I am wondering how to build a MVP MLOps platform.
A lot of MLOps tool have hidden costs. You need entire teams to maintain them.
That’s not what I want.
I want an MVP platform.
For me an MVP is something that is simple, but complete enough to be useful. Something that allows you to focus on the essentials of building. Something even though it might not be perfect, it might cost more, or it might have a bit of extra latency.
I want something fast to setup, easy to use, and easy to understand.
So let me first define the thing:
An MLOps platform is a set of tools, services, practices and processes that help you build, deploy, and manage your ML models.
I am not interested in the practices and processes for now. This isn’t really something I can MVP.
I want to focus on the tools, services, and practices that are needed to build, deploy, and manage your ML models.
An MLOps platform is very hard to build. It is a complex system that requires a lot of different components to work together.
- Pipeline (Usually separate ones for (a) data (b) training (c) inference)
- Model registry & versioning
- Experiment tracking
- Feature store
- Compute (AI & non-AI)
- Storage (Artifacts, Features, Inputs / Outputs, etc.)
- Monitoring (of the system and the model performance)
- Secrets (to keep my models secure)
- Infrastructure Management (to get all the things up and running)
- CI/CD (to automate the deployment of the things)
That’s a shit ton of stuff I need to build just to get something up and running.
To date, I have only seen two extremes. A massive MLOps platform that requires a bunch of engineers to build and maintain. Or a bunch of small tools that are not integrated and require a lot of manual work to get something new up and running.
I want something in the middle.

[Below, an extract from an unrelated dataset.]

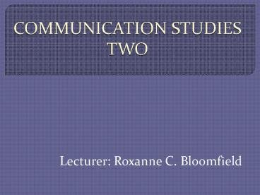 <Notice: Removed> COMMUNICATION STUDIES TWO PowerPoint PPT Presentation

Something that is simple, but complete enough to be useful.
I am dreaming up a MVP MLOps platform of managed services that are owned by the user. Every service should have a generouse free tier.
I first thought about using pipeline tools like Prefect or Mage. But I think that’s too much. They come with so much overhead. I want everything to be serverless.
- Pipeline: Orchestration with pub/sub (e.g. Pub/Sub, AWS SQS)
- Model registry & Experiment tracking: Weights & Biases
- Compute: Modal or BentoML for AI, Lambda / Cloud Run for non-AI
- Storage: S3 / GCS
- Secrets: AWS Secrets Manager, Google Secrets Manager
- Logging: AWS CloudWatch, Google Cloud Logging, Datadog
- CI / CD: GitHub Actions
How I imagine this system to work:
- We use a ZenML or Metaflow like syntax to define our pipeline.
- Each pipeline step has a pydantic model as an input and output. The input of the first step is the input of the pipeline. The output of the last step is the output of the pipeline.
- Each pipeline step is deployed as a serverless function. Lambda, Cloud Run, Modal, BentoML, etc.
- Everything is code.